Selain itu, terdapat vegetasi pantai seperti ketapang, kelapa, dan akasia, serta sedikit vegetasi cemara (Casuarina spp.) di area yang lebih kering.

Fauna

Kawasan ini kaya akan keanekaragaman fauna, dengan spesies yang mencakup mamalia, aves, reptil, ikan, moluska, dan krustasea. Berikut adalah rincian fauna yang tercatat:

  • Mamalia: Terdapat 12 jenis mamalia, termasuk monyet ekor panjang (Macaca fascicularis), yang sering dilepasliarkan kembali ke kawasan ini setelah rehabilitasi.

  • Aves: Terdapat 44 jenis burung, dengan 13 di antaranya adalah burung migran seperti pecuk ular, roko-roko, bluwok, kuntul, dan cangak. Burung migran ini menjadikan kawasan ini sebagai tempat singgah penting selama migrasi.

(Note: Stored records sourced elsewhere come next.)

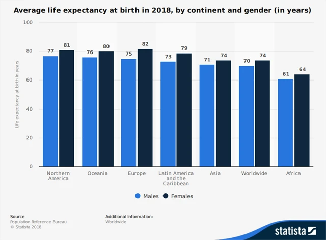 Očekává se, že do roku 2040 Španělsko přeskočí Japonsko a bude mít nejvyšší očekávanou délku dožití (86 let). Zbytek světa bude tento trend prodlužování délky lidského života následovat, Čína v něm pravděpodobně předčí USA.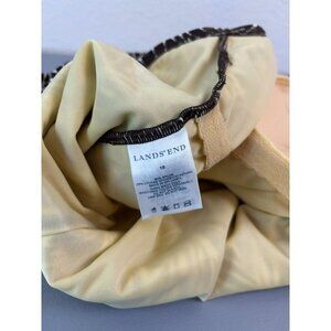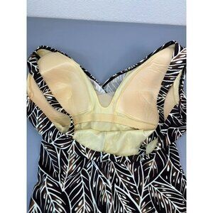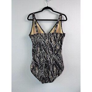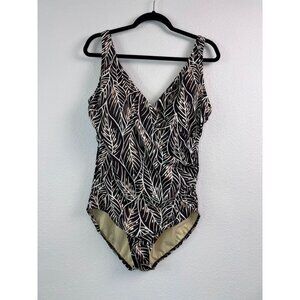 Lands' End brand women's size 18 brown and cream leaf patterned one piece swimsuit. In excellent pre-owned condition, only flaw is a small discoloration on the inside, please see pic. Not visible when worn. Faux wrap style top with a v-neckline. Has a built in bra with sewn in lightly lined wireless cups.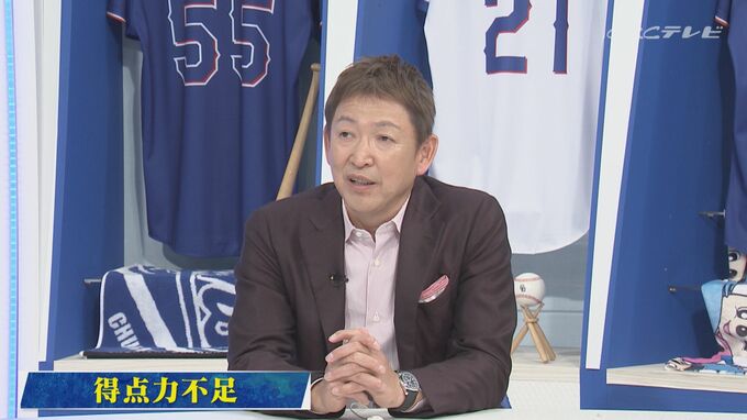 立浪氏「これも一番の問題と思いますし、自分が監督の時もなかなか点がとれなかったんですけども、打たないといけないと言うことですごく力みを感じますよね。結局甘いボールをファールにして追い込まれたくないからボール球に手を出して、三振というケースが多いので、その辺をもう少し意識を変えてもう少しトップを早く作って、ボールを長く呼び込んで見極めることも大事だし、一球で大振りしてはいけないってことですよね」

  • Reptil: Terdapat 13 jenis reptil, termasuk biawak dan ular yang menghuni ekosistem mangrove dan pantai.

  • Ikan, Moluska, dan Krustasea: Terdapat sedikitnya 52 jenis ikan, moluska, dan krustasea, termasuk kepiting bakau (Scylla spp.), yang memiliki nilai ekonomi tinggi bagi masyarakat lokal.

Keanekaragaman fauna ini menjadikan kawasan ini penting untuk penelitian, pengamatan burung migran, dan pelestarian spesies yang terancam.

Potensi Wisata

Suaka Margasatwa Karang Gading Langkat Timur Laut memiliki potensi wisata yang signifikan, meskipun belum sepenuhnya dikembangkan karena keterbatasan sarana dan prasarana. Potensi wisata utama meliputi:

  • Wisata Hutan Mangrove: Pengunjung dapat menjelajahi ekosistem mangrove melalui jalur papan atau perahu, menikmati keindahan hutan bakau dan kehidupan satwa liar.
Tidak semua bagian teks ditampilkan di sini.